## YOUR TASK
Keep images out and repeat all data exactly.

## GIVEN MATERIAL
——

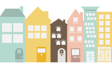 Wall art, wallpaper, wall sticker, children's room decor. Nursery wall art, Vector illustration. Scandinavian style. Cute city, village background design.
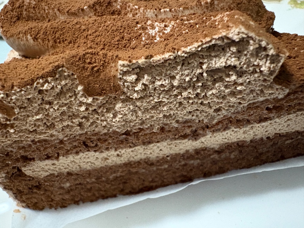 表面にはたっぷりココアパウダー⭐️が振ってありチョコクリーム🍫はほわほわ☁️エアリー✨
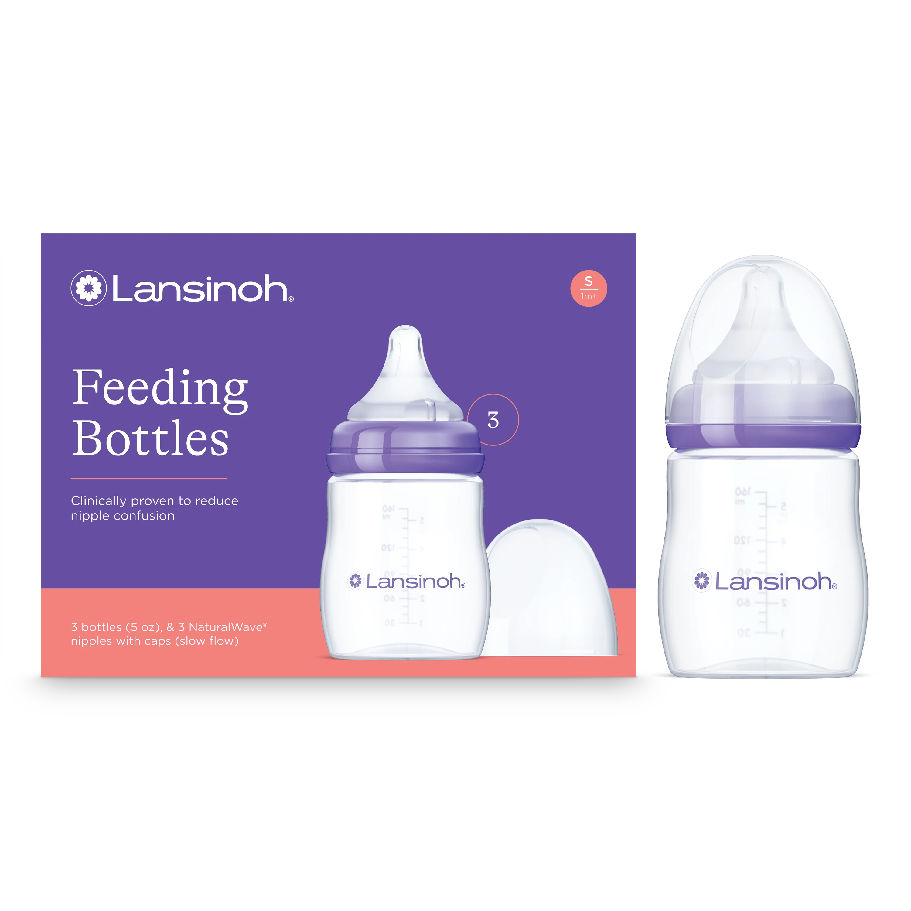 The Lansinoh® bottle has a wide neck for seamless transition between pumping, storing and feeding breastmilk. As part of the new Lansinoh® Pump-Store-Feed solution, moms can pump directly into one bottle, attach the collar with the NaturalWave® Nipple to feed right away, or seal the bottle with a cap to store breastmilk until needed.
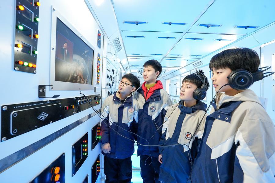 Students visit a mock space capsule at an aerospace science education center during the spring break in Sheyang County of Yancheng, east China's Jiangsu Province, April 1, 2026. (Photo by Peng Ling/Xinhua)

——

## SOLUTION FOR THIS PROBLEM
 Wall art, wallpaper, wall sticker, children's room decor. Nursery wall art, Vector illustration. Scandinavian style. Cute city, village background design.
 表面にはたっぷりココアパウダー⭐️が振ってありチョコクリーム🍫はほわほわ☁️エアリー✨
 The Lansinoh® bottle has a wide neck for seamless transition between pumping, storing and feeding breastmilk. As part of the new Lansinoh® Pump-Store-Feed solution, moms can pump directly into one bottle, attach the collar with the NaturalWave® Nipple to feed right away, or seal the bottle with a cap to store breastmilk until needed.
 Students visit a mock space capsule at an aerospace science education center during the spring break in Sheyang County of Yancheng, east China's Jiangsu Province, April 1, 2026. (Photo by Peng Ling/Xinhua)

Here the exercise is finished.